Dynamic voltage and frequency scaling (DVFS) serves an effective means to reduce the dynamic power consumption of the system. Moreover, the duty-cycle control of the power switch can further reduce the standby power consumption of the system.

In the system-on-a-chip (SoC), there are several phase-locked loops (PLLs) and delay-locked loops (DLLs) to provide different clock sources for different modules. However, conventional analog charge-pump based phase-locked loops (CP-PLLs) often take a long lock-in time. Thus, they are not possible to be turned off for reducing the standby power consumption. When the system is switched to the sleeping mode, the continuous operating PLLs often dominate the standby power consumption of the system.

As a result, the PLLs which can both operate at a low voltage and have a fast lock-in time are demanded in these applications.

#### **1.2 Dynamic Voltage and Frequency Scaling**

Dynamic voltage and frequency scaling (DVFS) is a mature technology, it has already been widely used in power management on the SoC for saving the dynamic power consumption. Dynamic power consumption occupies approximately 80%-90% of the whole power consumption. Therefore, how to reduce dynamic power consumption is a critical issue [7].

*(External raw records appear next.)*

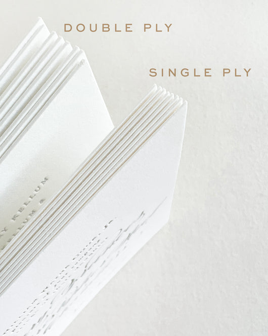 Single or Double PlySingle ply is a substantial, 120 pound paper. Double ply is 240 pound, twice the thickness of single ply. When choosing the paper weight, it is truly a personal preference.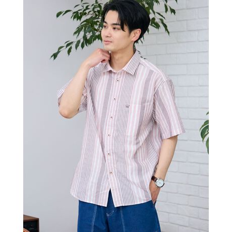 レギュラー襟のマルチストライプシャツです。部分的にサッカー組織で織った生地は、肌離れがよくさらっとした着心地が特徴です。サイズ感もややゆったりとしたリラックスシルエットです。
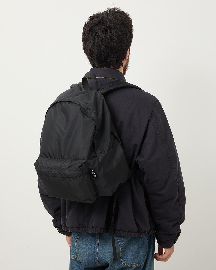 柔らかく、上品な微光沢の〈OUTDOOR PRODUCTS〉オリジナルナイロンを使用し、ヴィンテージのバックパックから着想を得て製作しました。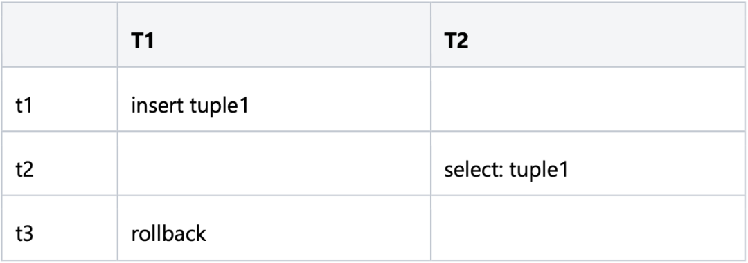 下例中,事务2读取了最终未提交的数据tuple1,出现脏读现象。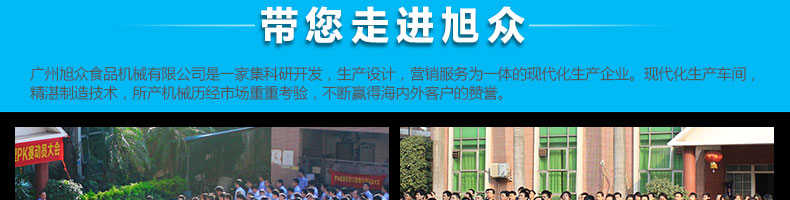廣州旭眾食品機(jī)械有限公司是一家集科研開發(fā),生產(chǎn)設(shè)計(jì),營銷服務(wù)為一體的現(xiàn)代化生產(chǎn)企業(yè)?,F(xiàn)代化生產(chǎn)車間,精湛制造技術(shù),所產(chǎn)機(jī)械歷經(jīng)市場重重考驗(yàn),不斷贏得海內(nèi)外客戶的贊譽(yù)。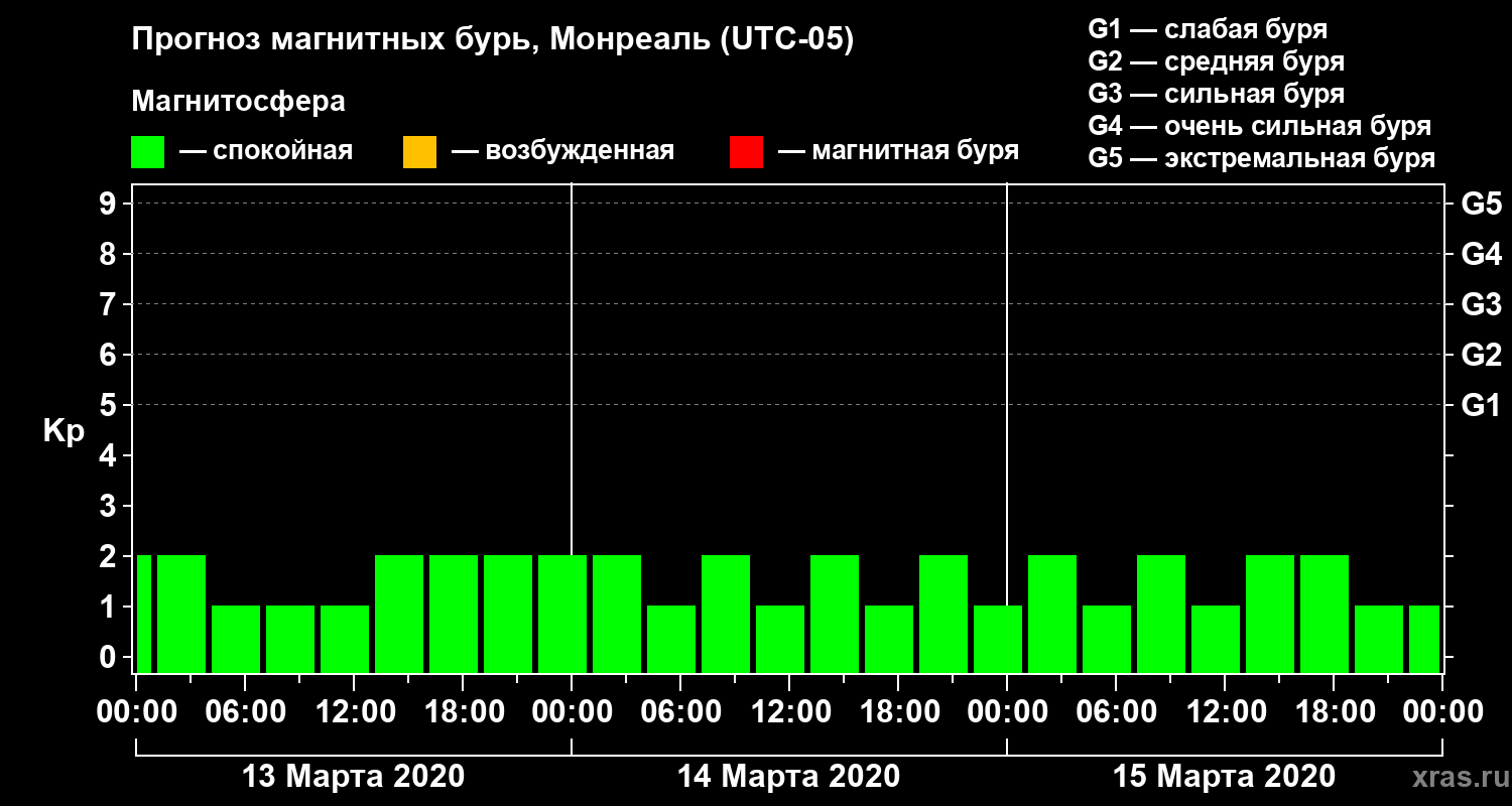 Прогноз магнитных бурь в Монреале — 13 марта 2020 года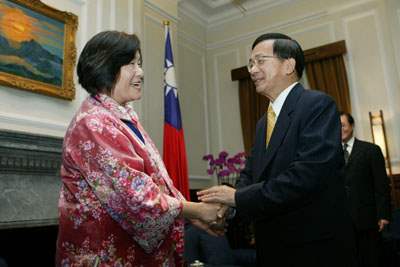 陳總統水扁先生今天上午接見勵馨基金會執行長紀惠容,並對她榮獲世界兒童獎章(World of Children Awards)凱洛格兒童發展獎(Kellogg's Child Development Award)表達祝賀之意。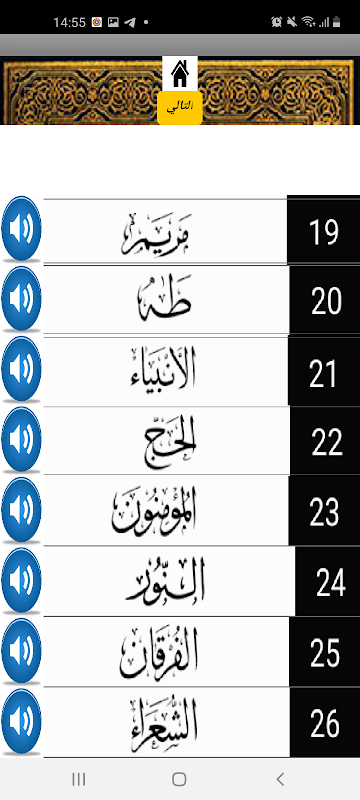 يحتوي التطبيق على فهرس لثلاثون جزء من القران الكريم لتسهل على المستخدم الذهاب للسورة اللتي يرغب في مراجعتها

$$P_{dynamic} = \mathbf{a} \cdot C \cdot V dd^2 \cdot f \tag{1.1}$$

As the (1.1),  $P_{dynamic}$  is the dynamic power consumption, *a* is the activity factor, i.e., the switching activities, *C* is the switched capacitance, *Vdd* is the supply voltage, and *f* is the clock frequency. While the supply voltage of circuit is reduced, the dynamic power consumption will be reduced in quadraticlly. Therefore, the most efficient means to reduce the power consumption of system is to decrease the supply voltage.



Fig. 1.1: Ultra-Low Supply Voltage Receiver Block Diagram [11]

Currently, there are many related research papers published [8]-[11]. Fig.1.1 shows the block diagram of a 0.55V IR-UWB Baseband Processor system [11]. We can see that the digital baseband already reduces the supply voltage to 0.55V by the parallel architecture and the sub-threshold circuit technology. However, we also observed that some block circuits such as a low noise amplifier (LNA), a signal mixer,

an analog-to-digital converter (ADC) and a DLL-based multi-phase clock generator which can't reduce the supply voltage with the voltage scaling.

If the supply voltage of PLLs / DLLs can be also adjusted to the lower voltage with voltage scaling, it can eliminate an additional voltage source. In addition, it can also reduce the power network routing complexity.

#### **1.3 Design Challenges in Conventional**

#### **PLLs**



Fig. 1.2: Architecture of Charge-Pump Based PLL [12]

There are some conventional approaches [3], [12]-[19] proposed to implement the low supply voltage PLLs / DLLs. Fig. 1.2 shows the charge-pump based architecture. When the operating voltage is reduced close to the threshold voltage (Vt), drive current (Id) of transistor will rapidly dropped. Thus, most of the low supply voltage charge-pump based PLLs / DLLs often use the forward body bias (FBB) and reverse short channel effect (RSCE) technologies for decreasing the threshold voltage, and then suit to a low supply voltage circuit design.



Fig. 1.3: Forward Body Bias Technology [14]

Fig. 1.3 shows the forward body bias technology. When the forward bias on the body of the PMOS transistor, the threshold voltage (Vt) will decrease. Thus it can increase the driving current at a low supply voltage. However, the forward body bias technology will increase the leakage current, and also increases the static power. As a result, most of the PLLs / DLLs which use the FBB technology, they will implement their design in a process with less leakage problems, such as  $0.25\mu$ m [13]-[15] or  $0.13\mu$ m [3] [16] [17], or just use the silicon on insulator (SOI) process [19] to implement the low supply voltage design.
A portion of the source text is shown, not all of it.